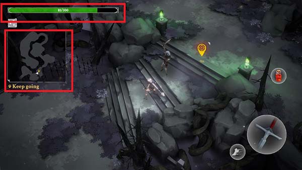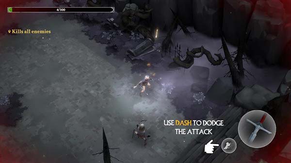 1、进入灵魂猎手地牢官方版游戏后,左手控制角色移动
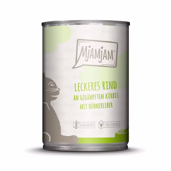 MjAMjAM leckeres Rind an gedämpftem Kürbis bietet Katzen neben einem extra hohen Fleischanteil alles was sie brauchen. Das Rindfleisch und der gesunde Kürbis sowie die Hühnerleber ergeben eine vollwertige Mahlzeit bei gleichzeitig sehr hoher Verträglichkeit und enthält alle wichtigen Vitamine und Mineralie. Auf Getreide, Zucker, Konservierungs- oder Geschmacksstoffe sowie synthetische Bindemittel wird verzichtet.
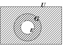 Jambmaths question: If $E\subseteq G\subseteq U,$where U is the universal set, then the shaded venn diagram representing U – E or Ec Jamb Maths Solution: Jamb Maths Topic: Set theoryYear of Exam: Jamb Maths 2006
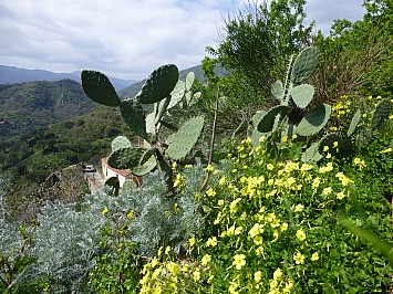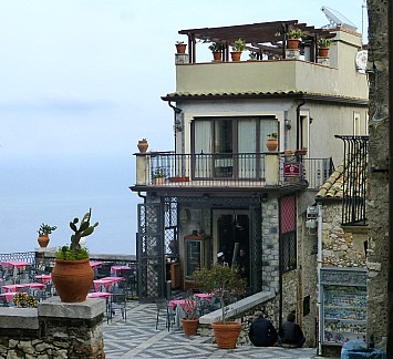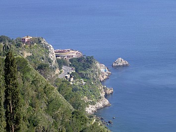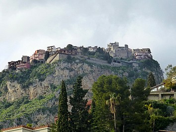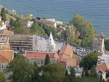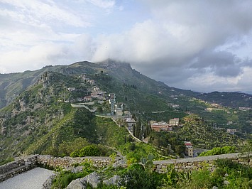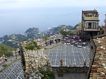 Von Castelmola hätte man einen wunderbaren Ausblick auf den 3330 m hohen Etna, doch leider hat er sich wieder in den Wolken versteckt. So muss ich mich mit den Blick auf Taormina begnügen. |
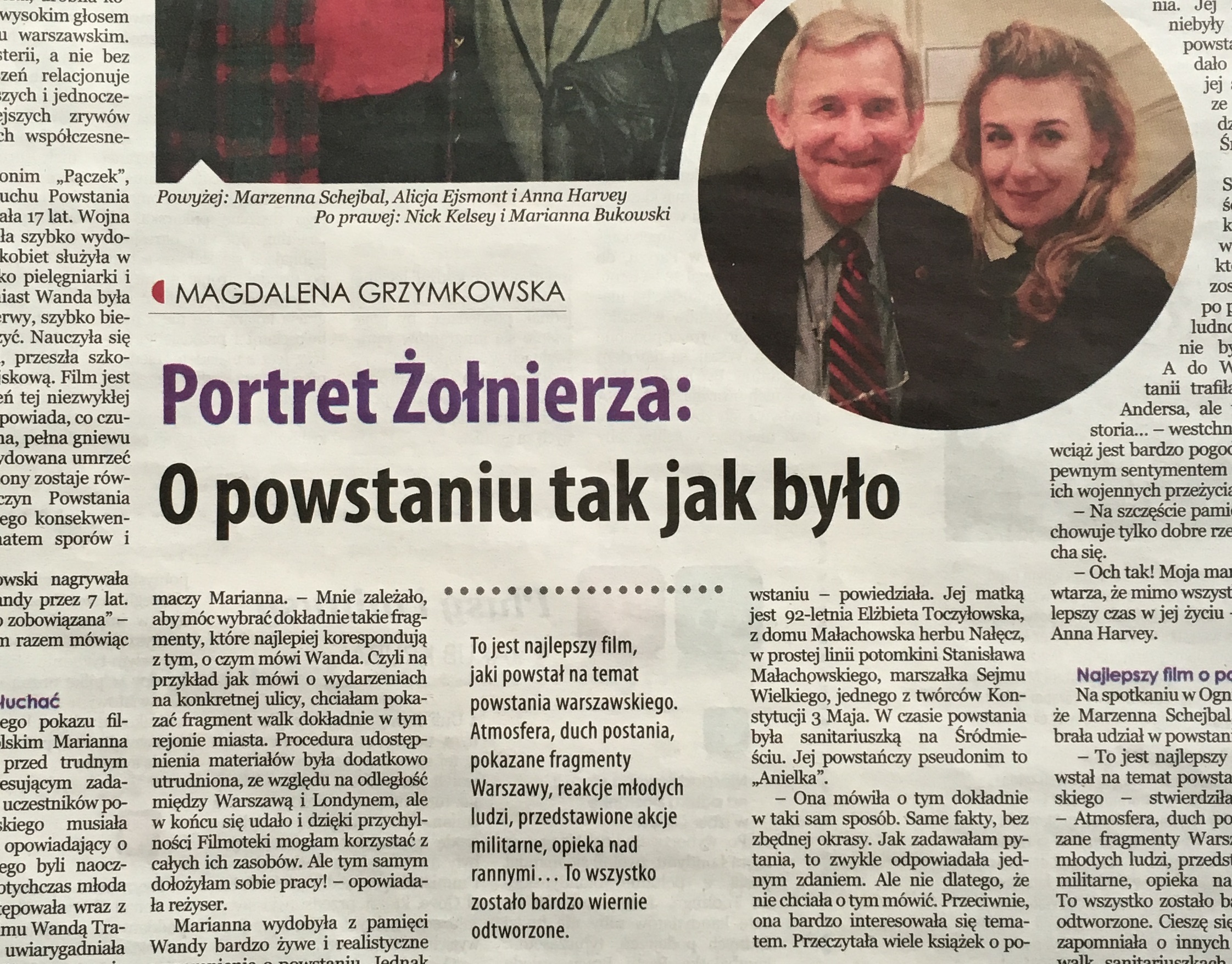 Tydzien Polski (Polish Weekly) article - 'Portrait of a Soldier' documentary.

Task details » What you print must be exactly the lines from the one containing "MjAMjAM leckeres Rind" through the last line of the material, and no pictures.

Task output »
 MjAMjAM leckeres Rind an gedämpftem Kürbis bietet Katzen neben einem extra hohen Fleischanteil alles was sie brauchen. Das Rindfleisch und der gesunde Kürbis sowie die Hühnerleber ergeben eine vollwertige Mahlzeit bei gleichzeitig sehr hoher Verträglichkeit und enthält alle wichtigen Vitamine und Mineralie. Auf Getreide, Zucker, Konservierungs- oder Geschmacksstoffe sowie synthetische Bindemittel wird verzichtet.
 Jambmaths question: If $E\subseteq G\subseteq U,$where U is the universal set, then the shaded venn diagram representing U – E or Ec Jamb Maths Solution: Jamb Maths Topic: Set theoryYear of Exam: Jamb Maths 2006
 Von Castelmola hätte man einen wunderbaren Ausblick auf den 3330 m hohen Etna, doch leider hat er sich wieder in den Wolken versteckt. So muss ich mich mit den Blick auf Taormina begnügen. |
 Tydzien Polski (Polish Weekly) article - 'Portrait of a Soldier' documentary.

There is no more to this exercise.